Asynchronix is a developer-friendly, highly optimized discrete-event simulation

framework written in Rust. It is meant to scale from small, simple simulations

to very large simulation benches with complex time-driven state machines.



[![Cargo](https://img.shields.io/crates/v/asynchronix.svg)](https://crates.io/crates/asynchronix)

[![Documentation](https://docs.rs/asynchronix/badge.svg)](https://docs.rs/asynchronix)

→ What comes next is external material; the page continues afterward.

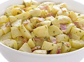 * Αλατίζετε τις πατάτες και τις απλώνετε σε ένα ταψί ανακατεύοντας με το μπέικον και το κρεμμύδι.
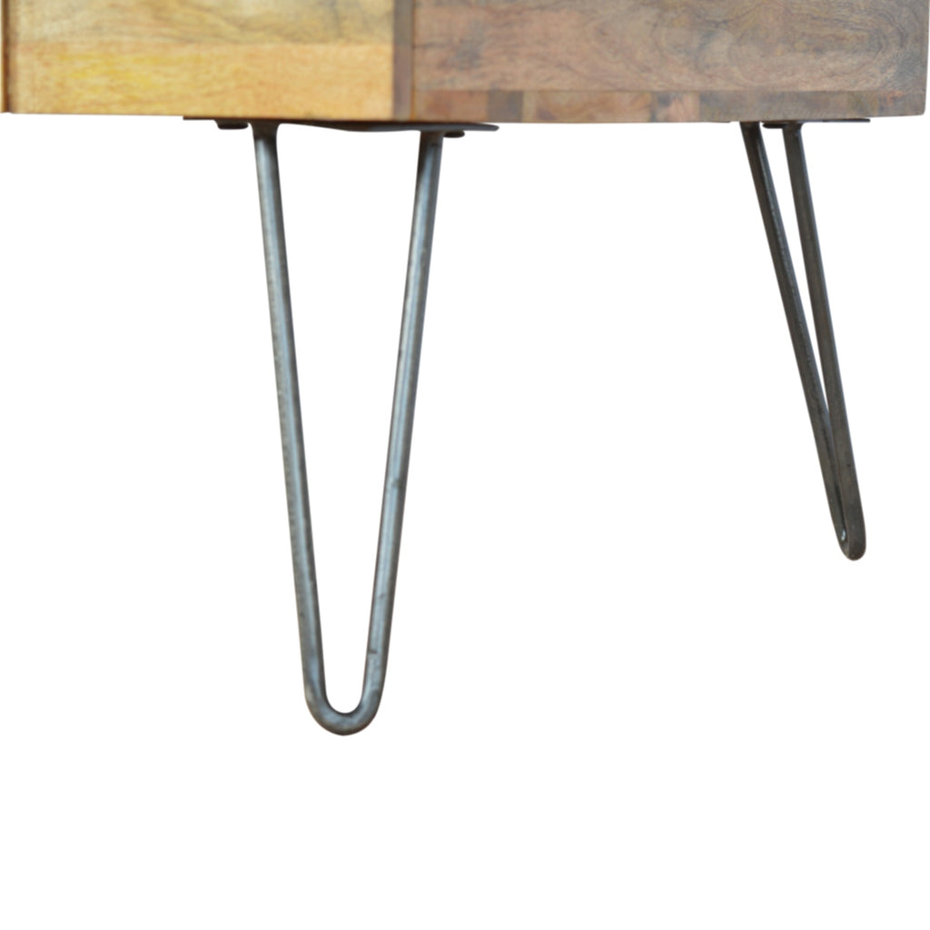 This solid wood industrial design central table is a fabulous addition to your home adding a more modern feel to your front room. It is constructed from 100% solid mango wood, and the base/legs are constructed from 100% metal Iron. Useful storage space is available with 2 drawers, a smooth oak-ish finish on the wood, triangular metal legs which have a pewter finish and shell handles.

[![License](https://img.shields.io/badge/license-MIT%2FApache--2.0-blue.svg)](https://github.com/asynchronics/asynchronix#license)



## Overview



Asynchronix is a simulator that leverages asynchronous programming to

transparently and efficiently auto-parallelize simulations by means of a custom

multi-threaded executor.



It promotes a component-oriented architecture that is familiar to system

engineers and closely resembles [flow-based programming][FBP]: a model is

essentially an isolated entity with a fixed set of typed inputs and outputs,

communicating with other models through message passing via connections defined

during bench assembly.



Although the main impetus for its development was the need for simulators able

to handle large cyberphysical systems, Asynchronix is a general-purpose

discrete-event simulator expected to be suitable for a wide range of simulation

activities. It draws from experience on spacecraft real-time simulators but

differs from existing tools in the space industry in a number of respects,

including:



1) *performance*: by taking advantage of Rust's excellent support for

   multithreading and asynchronous programming, simulation models can run

   efficiently in parallel with all required synchronization being transparently

   handled by the simulator,

2) *developer-friendliness*: an ergonomic API and Rust's support for algebraic

   types make it ideal for the "cyber" part in cyberphysical, i.e. for modelling

   digital devices with even very complex state machines,

3) *open-source*: last but not least, Asynchronix is distributed under the very

   permissive MIT and Apache 2 licenses, with the explicit intent to foster an

   ecosystem where models can be easily exchanged without reliance on

   proprietary APIs.



[FBP]: https://en.wikipedia.org/wiki/Flow-based_programming



## Documentation



The [API] documentation is relatively exhaustive and includes a practical

overview which should provide all necessary information to get started.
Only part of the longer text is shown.